**What is expected:** Make an exact copy of the listing underneath, skipping each picture.

Data provided START

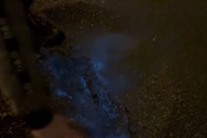 Bursa’nın Mudanya ilçesinde, tek hücreli organizmaların aşırı derecede üremelerinden sonra toplu halde su yüzüne çıkmalarıyla yaşanan ’alg patlaması’ deniz suyunu gece yarısı mavi ışıklı hale getirdi. Denizdeki ışığı görenler büyük şaşkınlık yaşadılar.
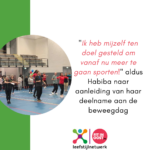 De dag werd gezamenlijk afgesloten met een gezonde lunch in de kantine van de sporthal. Wat hebben we er tijdens deze dag ontzettend van genoten om jullie allemaal weer te kunnen zien! Kijken jullie net als wij alweer uit naar de volgende beweegdag? Noteer dan alvast vrijdag 25 februari 2022 in je agenda! Gelukkig hoef je ook voor die tijd niet stil te zitten en kan je volop activiteiten uitproberen uit ons beweegaanbod. Bekijk de beweegagenda per buurt hier!
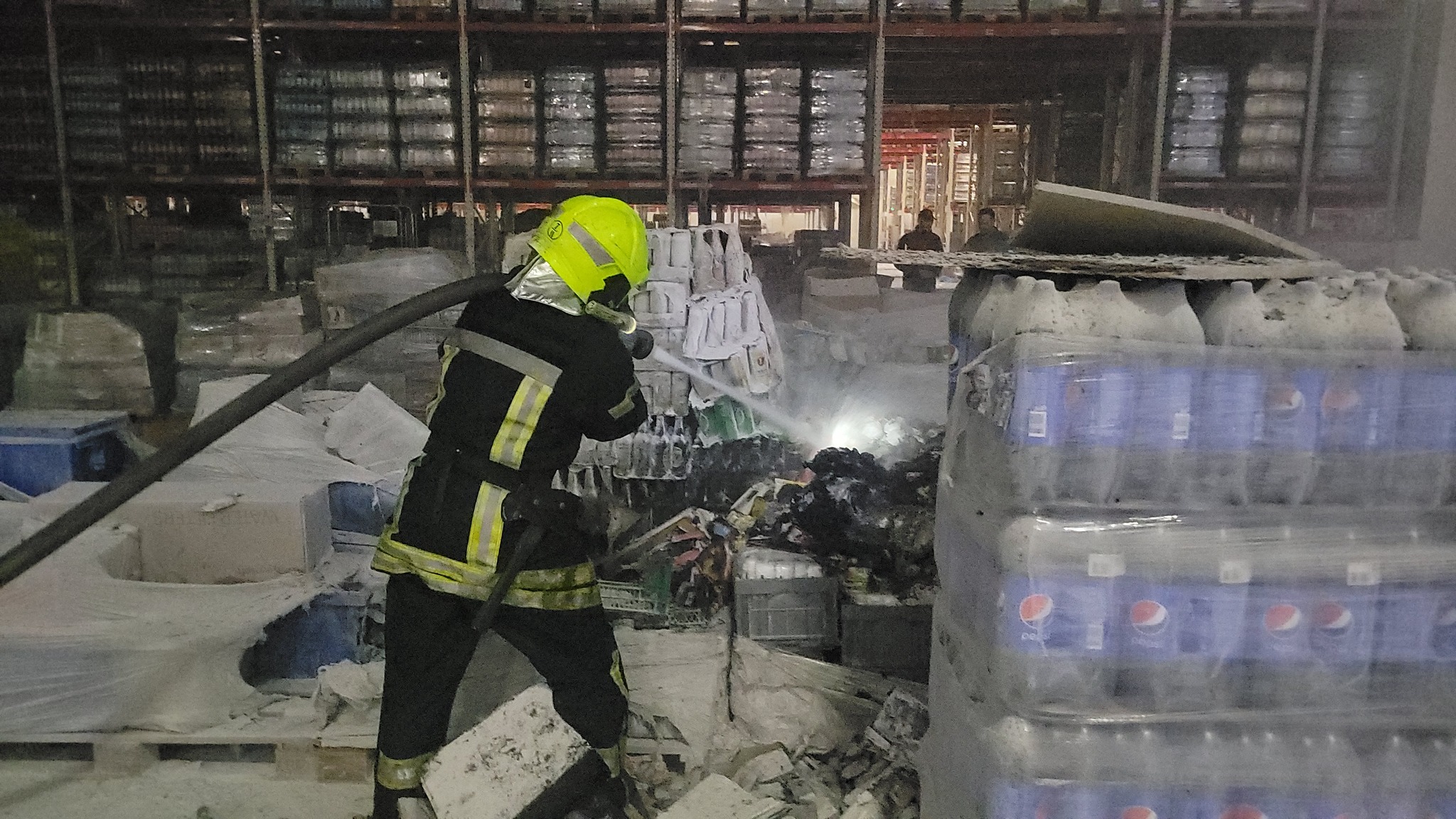 После попадания ракеты в складское помещение одной из торговых сетей произошло разрушение на площади 1000 кв.м и пожар на площади 400 кв. м. Три сотрудника склада погибли, семь получили ранения.

Data provided END

**Answer space:**
 Bursa’nın Mudanya ilçesinde, tek hücreli organizmaların aşırı derecede üremelerinden sonra toplu halde su yüzüne çıkmalarıyla yaşanan ’alg patlaması’ deniz suyunu gece yarısı mavi ışıklı hale getirdi. Denizdeki ışığı görenler büyük şaşkınlık yaşadılar.
 De dag werd gezamenlijk afgesloten met een gezonde lunch in de kantine van de sporthal. Wat hebben we er tijdens deze dag ontzettend van genoten om jullie allemaal weer te kunnen zien! Kijken jullie net als wij alweer uit naar de volgende beweegdag? Noteer dan alvast vrijdag 25 februari 2022 in je agenda! Gelukkig hoef je ook voor die tijd niet stil te zitten en kan je volop activiteiten uitproberen uit ons beweegaanbod. Bekijk de beweegagenda per buurt hier!
 После попадания ракеты в складское помещение одной из торговых сетей произошло разрушение на площади 1000 кв.м и пожар на площади 400 кв. м. Три сотрудника склада погибли, семь получили ранения.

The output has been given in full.